CO2 is a molecule of great importance in several current challenges, like characterization of exoplanets atmospheres, development of accurate climate models or synthesis of fuels through plasmas. Most of these problems involve non-local thermodynamic equilibrium (nLTE) conditions. Therefore, deep understanding of relaxation (and excitation) processes is needed in order to work on the aforementioned questions.
Supersonic jets in the laboratory provide an ideal medium to investigate these mechanisms. Combined with Raman spectroscopy, information on the evolution of the populations of the molecules can be retrieved and a detailed study of its relaxation along the jet can be made [1,2]. Nevertheless, this experimental method raises another problem: Raman spectroscopy strong dependency on the polarizability transition moments of the molecule under study. Although this quantity is well-known for CO2 rotational Raman transitions, reliable data for vibrational transitions is missing [3].
We present a set of results for both problems. On the one hand, by generating high-temperature flows of CO2 in thermodynamic equilibrium, a set of measurements of the polarizability transition moments have been obtained for more than 30 vibrational Raman transitions.
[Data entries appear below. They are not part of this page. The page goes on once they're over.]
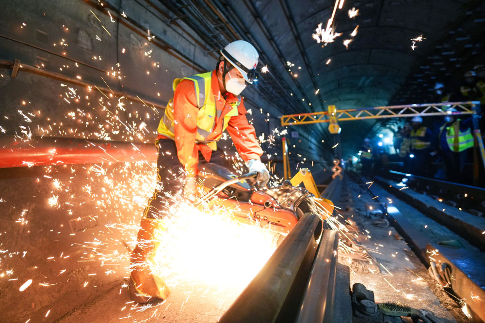 锯轨组施工人员切割旧轨。新华社发(产启斗 摄)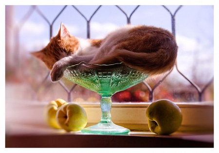 взял шлейку в зубы и с нежным, музыкальным мявом понес ее мне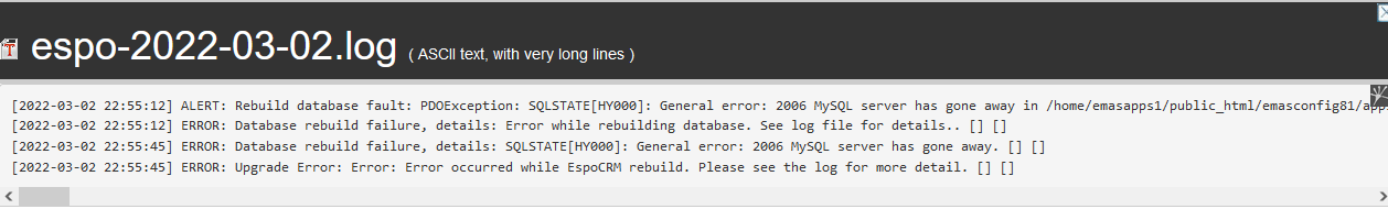 [2022-03-01 22:35:27] ALERT: Rebuild database fault: PDOException: SQLSTATE[HY000]: General error: 2006 MySQL server has gone away in /home/emasapps1/public_html/emasconfig/application/Espo/ORM/SqlExecutor.php:70 Stack trace: #0 /home/emasapps1/public_html/emasconfig/application/Espo/ORM/SqlExecutor.php(70): PDO->query('SELECT user.id ...') #1 /home/emasapps1/public_html/emasconfig/application/Espo/ORM/SqlExecutor.php(59): Espo\ORM\SqlExecutor->executeSqlWithDeadlockHandling('SELECT user.id ...', 1) #2 /home/emasapps1/public_html/emasconfig/application/Espo/ORM/Mapper/BaseMapper.php(737): Espo\ORM\SqlExecutor->execute('SELECT user.id ...', false) #3 /home/emasapps1/public_html/emasconfig/application/Espo/ORM/Mapper/BaseMapper.php(128): Espo\ORM\Mapper\BaseMapper->executeSql('SELECT user.id ...') #4 /home/emasapps1/public_html/emasconfig/application/Espo/ORM/Repository/RDBRepository.php(130): Espo\ORM\Mapper\BaseMapper->selectOne(Object(Espo\ORM\Query\Select)) #5 /home/emasapps1/public_html/emasconfig/application/Espo/ORM/EntityManager.php(272): Espo\ORM\Repository\RDBRepository->getById('system') #6 /home/emasapps1/public_html/emasconfig/application/Espo/Core/Utils/Database/Schema/rebuildActions/AddSystemUser.php(40): Espo\ORM\EntityManager->getEntity('User', 'system') #7 /home/emasapps1/public_html/emasconfig/application/Espo/Core/Utils/Database/Schema/Schema.php(339): Espo\Core\Utils\Database\Schema\rebuildActions\Add SystemUser->afterRebuild() #8 /home/emasapps1/public_html/emasconfig/application/Espo/Core/Utils/Database/Schema/Schema.php(243): Espo\Core\Utils\Database\Schema\Schema->executeRebuildActions('afterRebuild') #9 /home/emasapps1/public_html/emasconfig/application/Espo/Core/Utils/Database/Schema/SchemaProxy.php(53): Espo\Core\Utils\Database\Schema\Schema->rebuild() #10 /home/emasapps1/public_html/emasconfig/application/Espo/Core/DataManager.php(146): Espo\Core\Utils\Database\Schema\SchemaProxy->rebuild(NULL) #11 /home/emasapps1/public_html/emasconfig/application/Espo/Core/DataManager.php(115): Espo\Core\DataManager->rebuildDatabase(NULL) #12 /home/emasapps1/public_html/emasconfig/application/Espo/Core/Upgrades/Actions/Base.php(807): Espo\Core\DataManager->rebuild() #13 /home/emasapps1/public_html/emasconfig/application/Espo/Core/Upgrades/Actions/Base/Install.php(181): Espo\Core\Upgrades\Actions\Base->systemRebuild() #14 /home/emasapps1/public_html/emasconfig/application/Espo/Core/Upgrades/Base.php(129): Espo\Core\Upgrades\Actions\Base\Install->stepRebuild(Array) #15 /home/emasapps1/public_html/emasconfig/application/Espo/Core/Upgrades/Base.php(112): Espo\Core\Upgrades\Base->runActionStep('install', 'Rebuild', Array) #16 /home/emasapps1/public_html/emasconfig/application/Espo/Core/Console/Commands/UpgradeStep.php(96): Espo\Core\Upgrades\Base->runInstallStep('Rebuild', Array) #17 /home/emasapps1/public_html/emasconfig/application/Espo/Core/Console/Commands/UpgradeStep.php(76): Espo\Core\Console\Commands\UpgradeStep->runUpgradeStep('Rebuild', Array) #18 /home/emasapps1/public_html/emasconfig/application/Espo/Core/Console/CommandManager.php(90): Espo\Core\Console\Commands\UpgradeStep->run(Object(Espo\Core\Console\Command\Params), Object(Espo\Core\Console\IO)) #19 /home/emasapps1/public_html/emasconfig/application/Espo/Core/ApplicationRunners/Command.php(55): Espo\Core\Console\CommandManager->run(Array) #20 /home/emasapps1/public_html/emasconfig/application/Espo/Core/Application/RunnerRunner.php(85): Espo\Core\ApplicationRunners\Command->run() #21 /home/emasapps1/public_html/emasconfig/application/Espo/Core/Application.php(78): Espo\Core\Application\RunnerRunner->run('Espo\\Core\\Appli...', NULL) #22 /home/emasapps1/public_html/emasconfig/command.php(35): Espo\Core\Application->run('Espo\\Core\\Appli...') #23 {main} [] []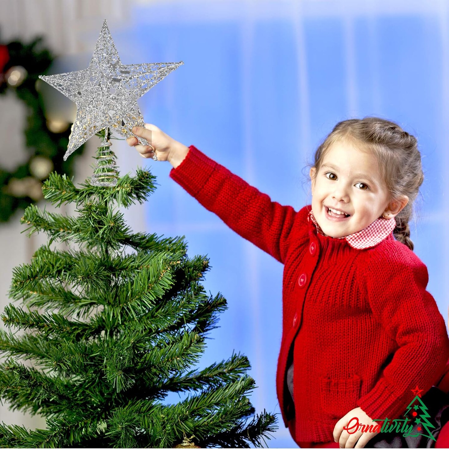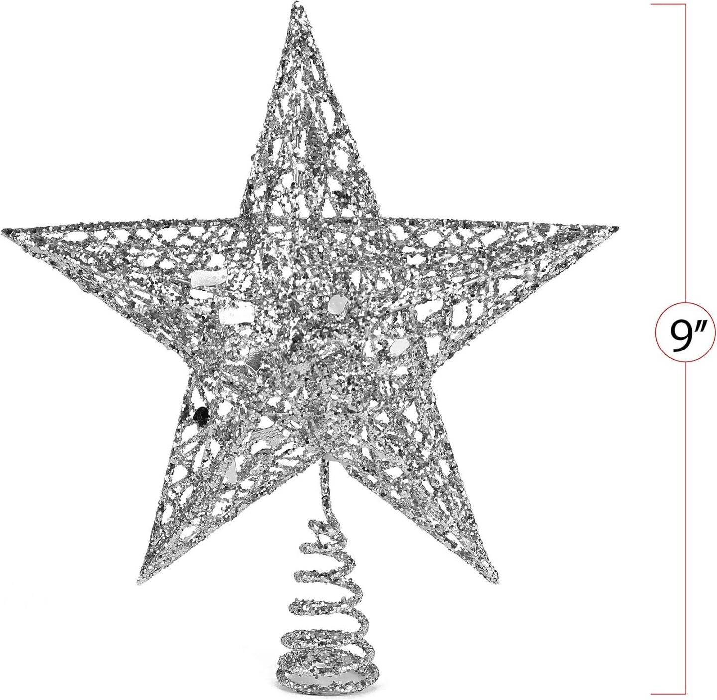 Silver Star Tree Topper - Christmas Silver Glitter Sparkle Star Ornament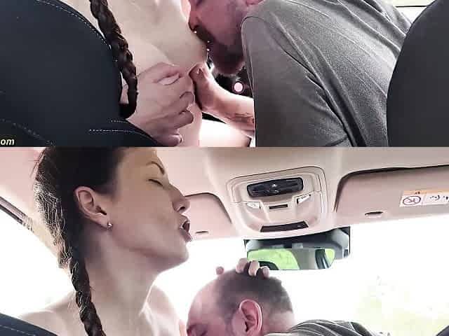 Naked Driving Leads to Quick Car Sex with Busty Czech Teen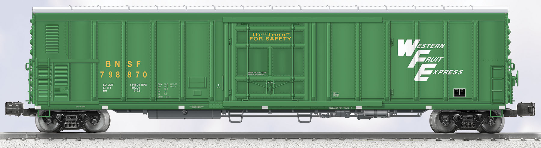 Burlington Northern Santa Fe 57' Mechanical Refrigerator Car #798870 Mechanical Refrigerator Cars By the 1960's, railroads' aging ice reefers were being rapidly replaced by vast fleets of efficient Mechanical Refrigerator Cars. As manufacturers like Pacific Car & Foundry and Western Fruit Express developed more efficient ways to keep perishables fridge-fresh when transported by rail, these modern, diesel-powered cars became a common and colorful site on America's rails. Lionel is proud to include these Mechanical Refrigerator Cars with its growing fleet of realistic Standard O freight cars. Based on actual drawings from the mid-1960's, these cars are designed with brake equipment positioned low on the ends, short ladders, and no running board on the modern roof. Slide open the vented mechanical compartment door to inspect the diesel engine on the inside of the car. SKU: 6-27327 Dimensions: Length: 14 1/4" Gauge: Standard O Scale price: 69.99 year: 2007 rail line: BNSF Minimum Radius: O-31 Catalog Year: 2007 Catalog Title: Lionel 2007 Train Catalog Volume 2 Road Number: 798870 FEATURES: Die-cast metal sprung trucks and operating couplers Hidden uncoupling tabs Rotating bearing caps Separately applied metal underframe details Opening doors Sliding compartment door reveals diesel engine Single and 2-Pack cars are available in unique, sequential road numbers Manuals Find the latest manuals in our support section. Replacement Parts Buy any replacement parts in our support section. Contact Contact a service station to fix your product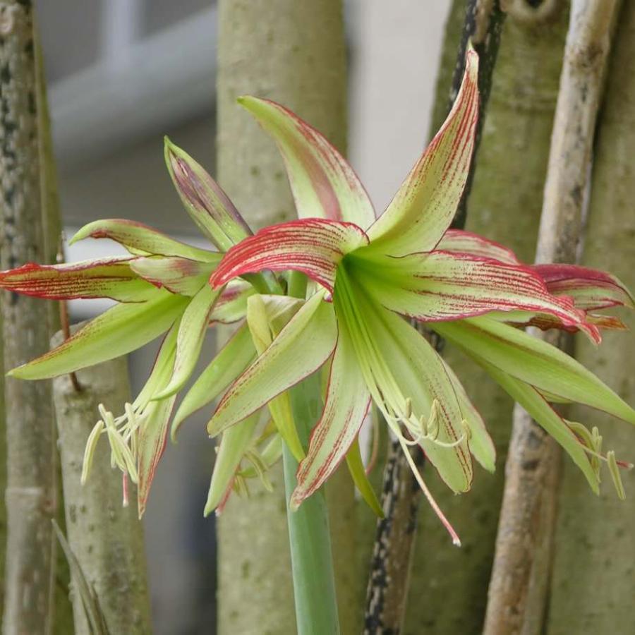 Цвет: кремово-зелёный. Цветы относительно миниатюрные, с волнистым краем лепестков, покрытых множеством красных точек и красивой красной каймой по краю. Цветок 10 см. 4-6 цветков на стрелке высотой 45-50 см. Долго цветущий. Годен для срезки.

On the other hand, we probed several supersonic jets of CO2 from hot nozzles by Raman spectroscopy, obtaining a set of state-to-state rate coefficients for rotational relaxation for a wide range of temperatures.
[1] A. Ramos, G. Tejeda, J. M. Fernández, S. Montero, J. Phys. Chem. A 114, pp. 7761 (2010).
[2] S. Montero, G. Tejeda, and J. M. Fernández, Astrophys. J. Suppl. Series 247, 14 (2020).
[3] R. Lemus, M. Sánchez-Castellanos, F. Pérez-Bernal, et al. J. Chem. Phys. 141, 054306 (2014).